DO THESE MOVES BEFORE BED AND SEE THE AMAZING BODY CHANGE
Do you have issues falling asleep? Then you are not alone, many people turn and toss before they sleep. When this is chronic from too much coffee or sugar, you also get depressed and gain weight too. Do these yoga poses and fall asleep better. Even if you are a newbie and never did yoga, this is easy. Studies said they are healthy too.
First time, stay short in the poses. A minute is enough. Then with time increase.
Child pose- for knee issues, this is not good. For else, it is. Nerves, shoulders, back, belly, mind will be soothed. If the rear cannot get to the heels, get a blanket and fold it few times, put it under the bum, and let go. Stretch arms in the front and relax them at the sides. Set alarm to finish and breathe deep.
SUPTA BADDHA KONASANA
Bound angle- some say this is butterfly pose, lye down, prop on knees, put feet soles together and let knees fall to the sides. Many cannot lie flat. Knees are a few inches off ground. Arms splay at sides, breathe and relax.
Lie down, hold the knees and rock from side to side. This stretches and massages the lower back. Feet and legs are relaxed and shoulders melt to the ground. Do not make them tense.
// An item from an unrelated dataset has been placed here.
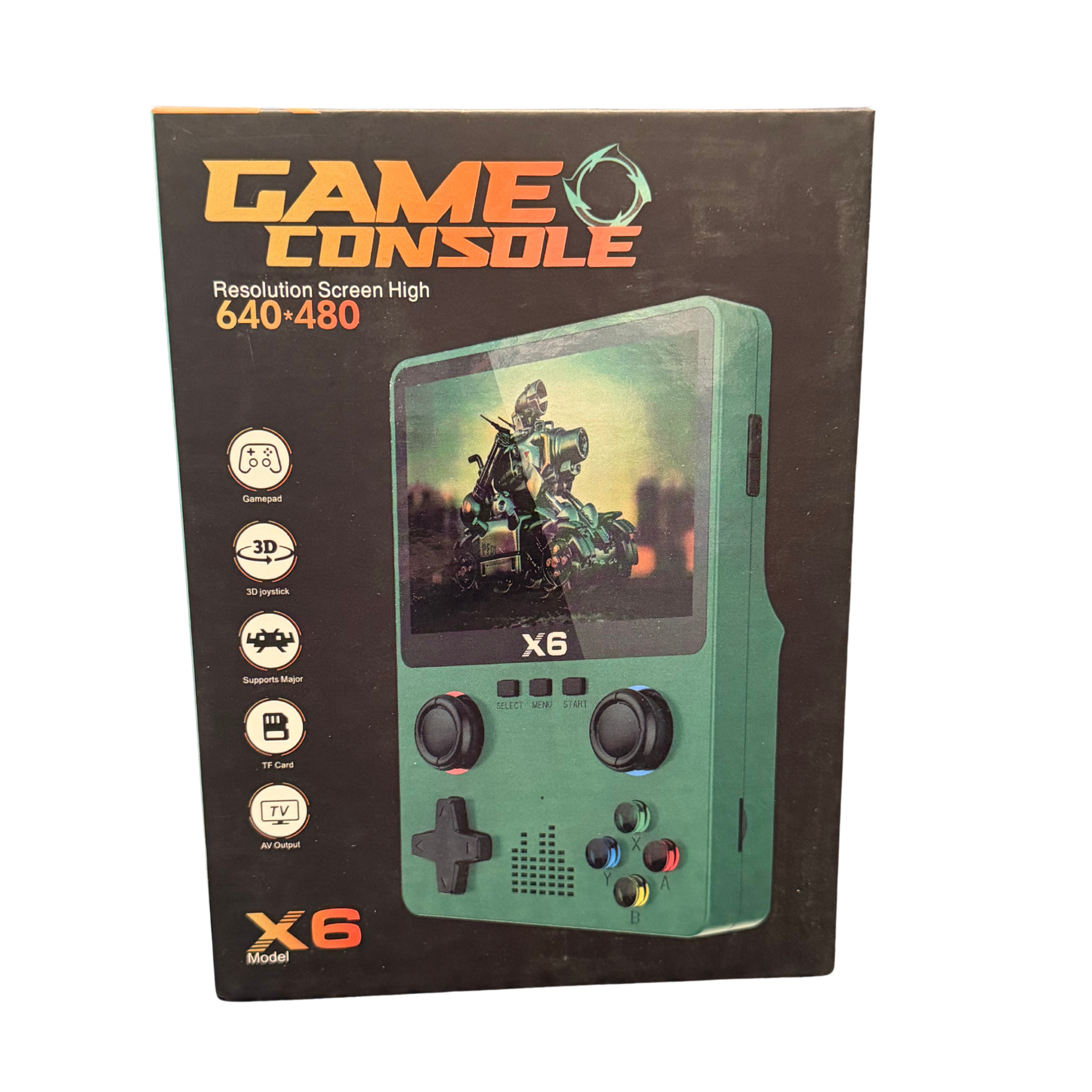 Consola portátil X6 con pantalla de 640×480, juegos clásicos precargados y diseño retro. Incluye joystick 3D, ranura para tarjeta TF y salida AV para conectar a la TV. Ideal para revivir los mejores juegos de tu infancia.

Decline spinal twist- lye on the back, prop on knees and let them fall to the side. Stabilize legs and hold the left thigh with right hand. Then stretch the left arm and roll the head to the left. Both shoulders are relaxed and repeat switch sides.
The fish pose- lye down, arms are at sides, hands slide palms down under the bum. As you glide them, press the lower arms into the floor and bend elbows. Lift the upper body and open up the chest. Hold the head up if throat feels strange and let the head fall back. Have 10 deep breaths and remove hands under you.
The pigeon pose- advanced pose. You will need blanket, pillow, book for under the seat. Seat cross legged, put palms on the ground in front and shift weight to the rear. Left leg is sliding back and left foot presses the floor. Open chest forward, relax shoulders and have a blanket rolled under the right side so the rear is let go. This relaxes and flexes. Now walk forward with hands under torso and bend the right leg. Keep back straight and all the way to the floor. Breathe and relax shoulders and head, stretch groin and hips too. Do no longer than a minute and with time increase to 10. Switch sides.
As many have seen, this is amazing, relaxes and just cross legs, seat down and on a rolled blanket. Extend spine and relax shoulders. Set alarm for the time needed, a few minutes or more and breathe. Focus on this and when the mind wanders, come back and focus on the air. If you feel tense for something, just accept this and breathe, whether sadness, anger and more.
Seated forward bend-sit up, stretch legs and lean forward straight. Extend spine and bend forward. To focus more on legs, droop over the bent back. For back issues, include the whole body and back is straight, so bend down as much as you can. Even without 45 degree angle, do it. prop on hands next to thighs or knees and breathe.
Seated spinal twist- sit and cross legs, right hand is on left knee and left hand behind left hip, twist the torso and bend to the left. Breathe and extend spine with rotation. Switch sides.
Legs up the wall-get a wall spot and lie down. Prop legs on the wall and arms rest to sides. Shoulders melt down. Breathe. If you have a stiff side, go further to the wall and stretch. For lower back issues, have a pillow under the tailbone.
No more gyms or yoga studios. Just try these moves and start lighter. Do them for better sleep and stress removal.
And, yoga is not just something for a hobby, it is actually important and healthy, experts claim this.